[Stored records]
________________________

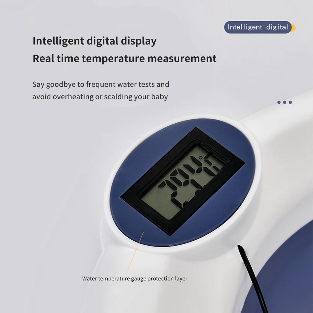 *Water temperature regulation: The baby bathtub is equipped with a temperature sensor and a thermosensitive drain plug, and the temperature sensor requires two LR44 button batteries.
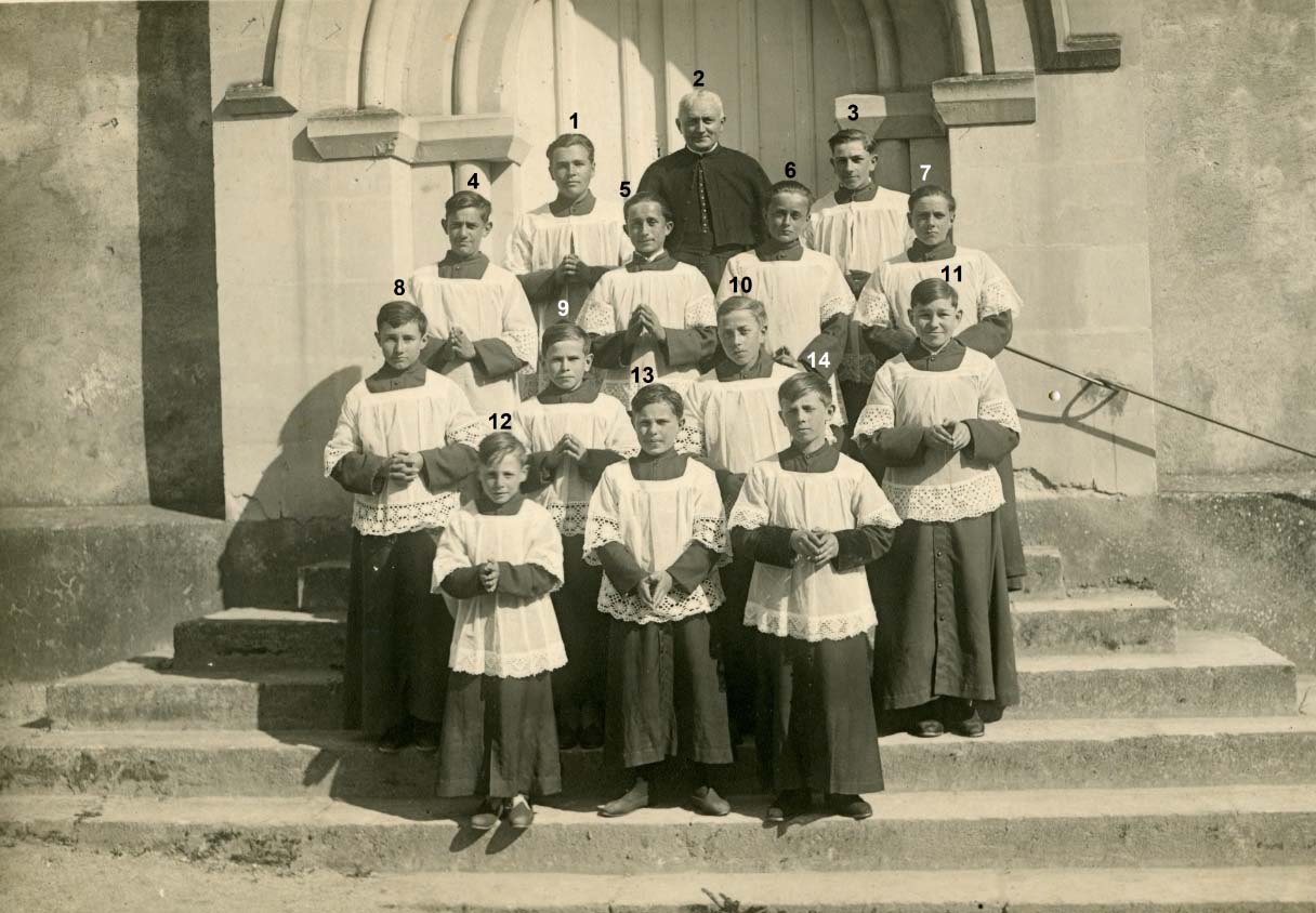 N'ayant pas trouvé de photo de groupe des enfants de choeur de Louresse, je mets une photo des enfants de choeur d'Ambillou-Château vers 1950.
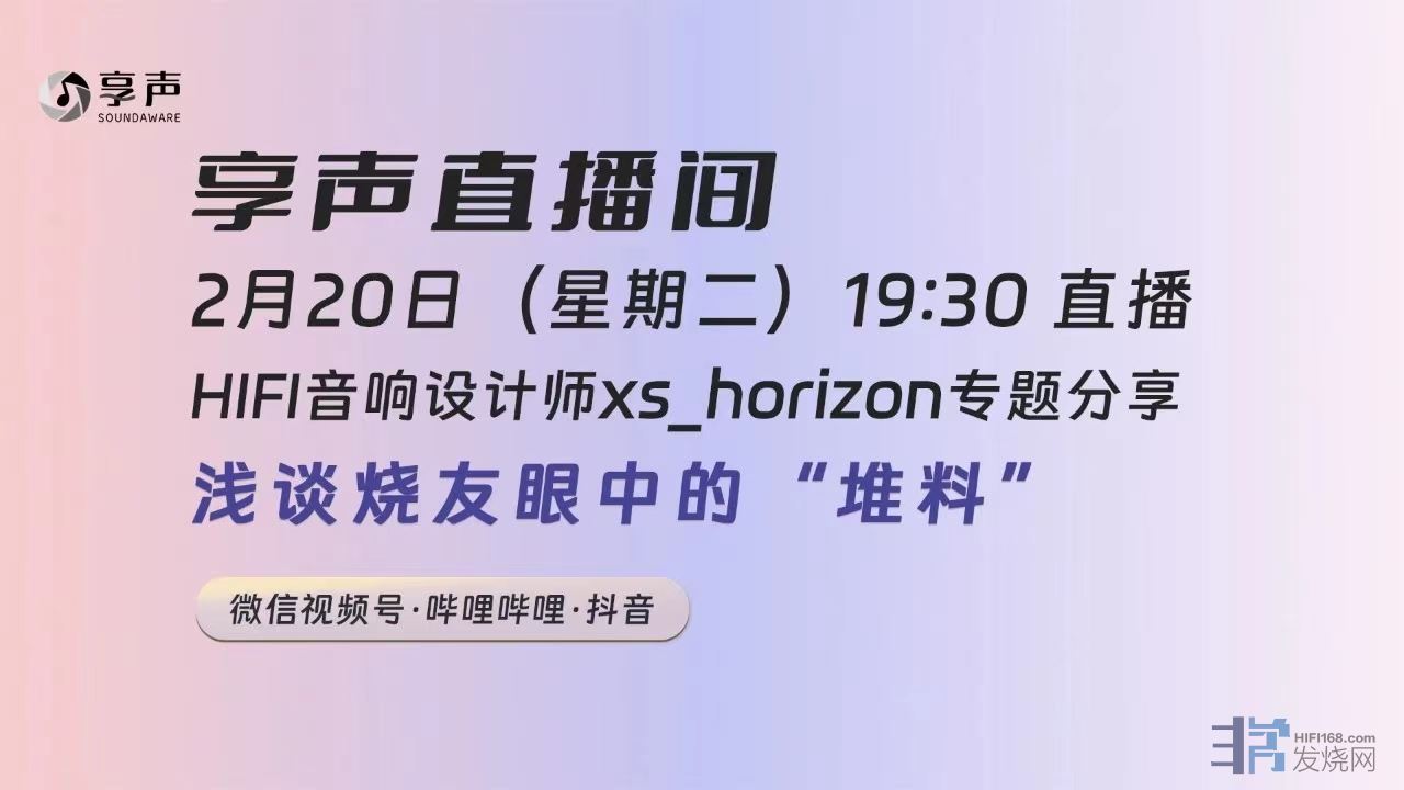 亲爱的烧友朋友们: 新年好!想死你们啦! 熟悉的星期二!熟悉的配方! 今天咱们HIFI音响设计师xs_Horizon的专题直播回来啦! xs_Horizon个人简介:性别男,享声SOUNDAWARE创始人之一,HiFI界的研发老兵,技术过硬的钢铁直男,人狠话还多的嵌入式数字音频大佬,大隐于世,小隐于每周二晚7点半享声直播间! 今天的直播主要谈一谈烧友眼中的“堆料”是怎么回事?“声音”与“堆料”之间到底是种啥关系?总之,直播间欢迎大家!今晚主打的就是一个该省省该花花!点击“预约”不错过,关注我们不迷路! 本期直播介绍: 本期直播享声产品研发负责人xs_Horizon与享声主播一起,谈一谈烧友眼中的“堆料”。欢迎烧友一起锁定每周二19:30享声直播,一起探讨HIFI话题!直播中主播将回答各位烧友对HIFI主题的提问,大家可以结合自己使用的系统、线材、电源以及HIFI观点进行讨论。 周三、周四和周五晚上19:00的三天直播中,同样欢迎广大烧友莅临!多多发言,多多互动!怕错过开播时间?还不赶紧提前关注我们官方号!或者添加享声官方微信18168081303,新闻信息第一时间掌握  视频号直播间地址: 手机视频号关注享声HIFI 哔哩哔哩直播间地址: http://t.cn/A6oFGQ7C 抖音直播间地址: http://t.cn/A6KKdvuK
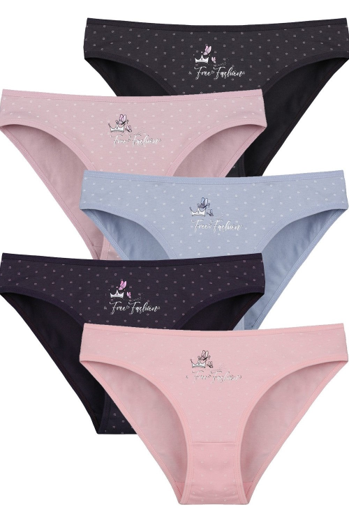 Bawełniane figi damskie. Pakowane po dwie sztuki w foliowy woreczek w różnych zestawach kolorystycznych. Skład: 95% bawełna, 5% elastan.
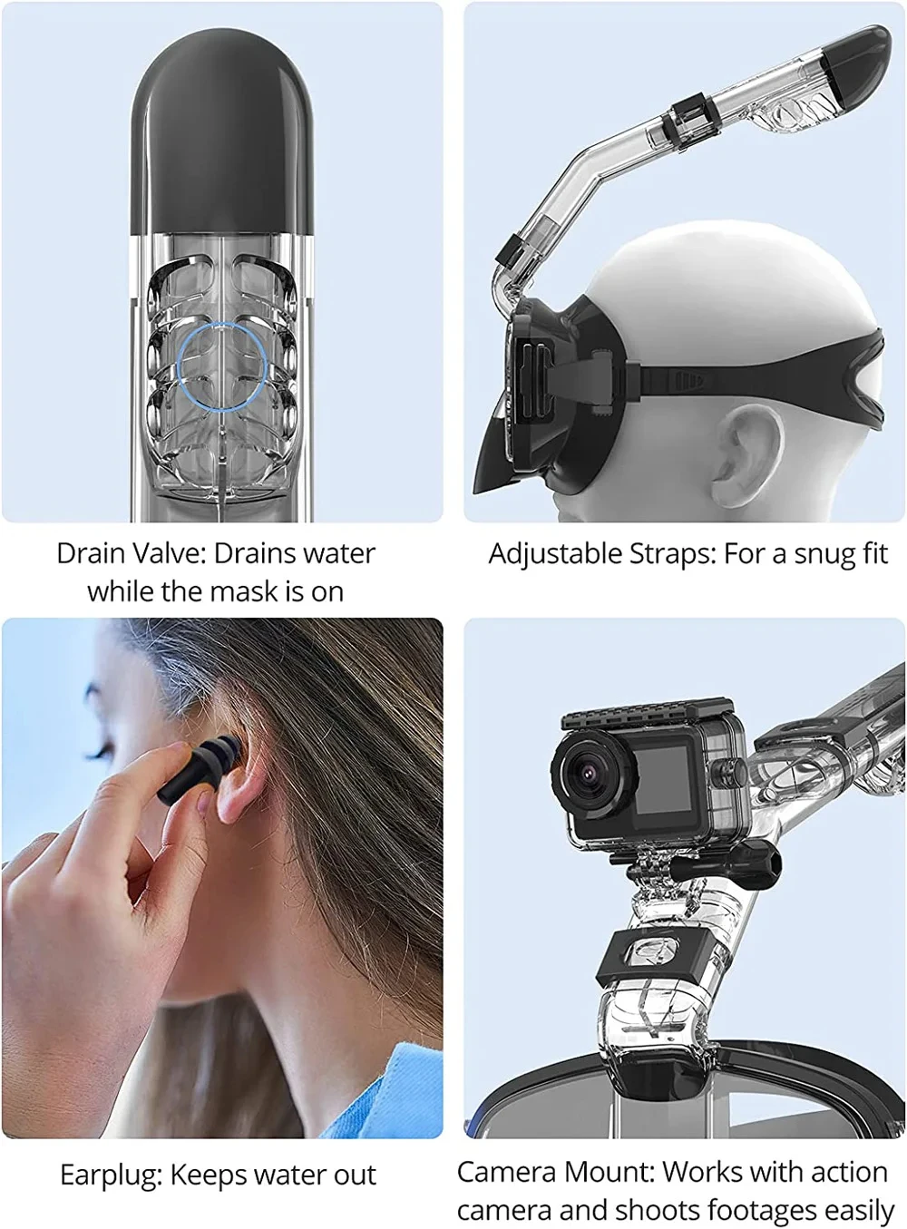 ✔ 💨 Safety Airflow System – Fully dry snorkel system prevents water from entering, ensuring a smooth and effortless breathing experience.

________________________

* **Task brief**
Copy each entry exactly as written, and drop the pictures from the copy.

* **Output for this exercise**
 *Water temperature regulation: The baby bathtub is equipped with a temperature sensor and a thermosensitive drain plug, and the temperature sensor requires two LR44 button batteries.
 N'ayant pas trouvé de photo de groupe des enfants de choeur de Louresse, je mets une photo des enfants de choeur d'Ambillou-Château vers 1950.
 亲爱的烧友朋友们: 新年好!想死你们啦! 熟悉的星期二!熟悉的配方! 今天咱们HIFI音响设计师xs_Horizon的专题直播回来啦! xs_Horizon个人简介:性别男,享声SOUNDAWARE创始人之一,HiFI界的研发老兵,技术过硬的钢铁直男,人狠话还多的嵌入式数字音频大佬,大隐于世,小隐于每周二晚7点半享声直播间! 今天的直播主要谈一谈烧友眼中的“堆料”是怎么回事?“声音”与“堆料”之间到底是种啥关系?总之,直播间欢迎大家!今晚主打的就是一个该省省该花花!点击“预约”不错过,关注我们不迷路! 本期直播介绍: 本期直播享声产品研发负责人xs_Horizon与享声主播一起,谈一谈烧友眼中的“堆料”。欢迎烧友一起锁定每周二19:30享声直播,一起探讨HIFI话题!直播中主播将回答各位烧友对HIFI主题的提问,大家可以结合自己使用的系统、线材、电源以及HIFI观点进行讨论。 周三、周四和周五晚上19:00的三天直播中,同样欢迎广大烧友莅临!多多发言,多多互动!怕错过开播时间?还不赶紧提前关注我们官方号!或者添加享声官方微信18168081303,新闻信息第一时间掌握  视频号直播间地址: 手机视频号关注享声HIFI 哔哩哔哩直播间地址: http://t.cn/A6oFGQ7C 抖音直播间地址: http://t.cn/A6KKdvuK
 Bawełniane figi damskie. Pakowane po dwie sztuki w foliowy woreczek w różnych zestawach kolorystycznych. Skład: 95% bawełna, 5% elastan.
 ✔ 💨 Safety Airflow System – Fully dry snorkel system prevents water from entering, ensuring a smooth and effortless breathing experience.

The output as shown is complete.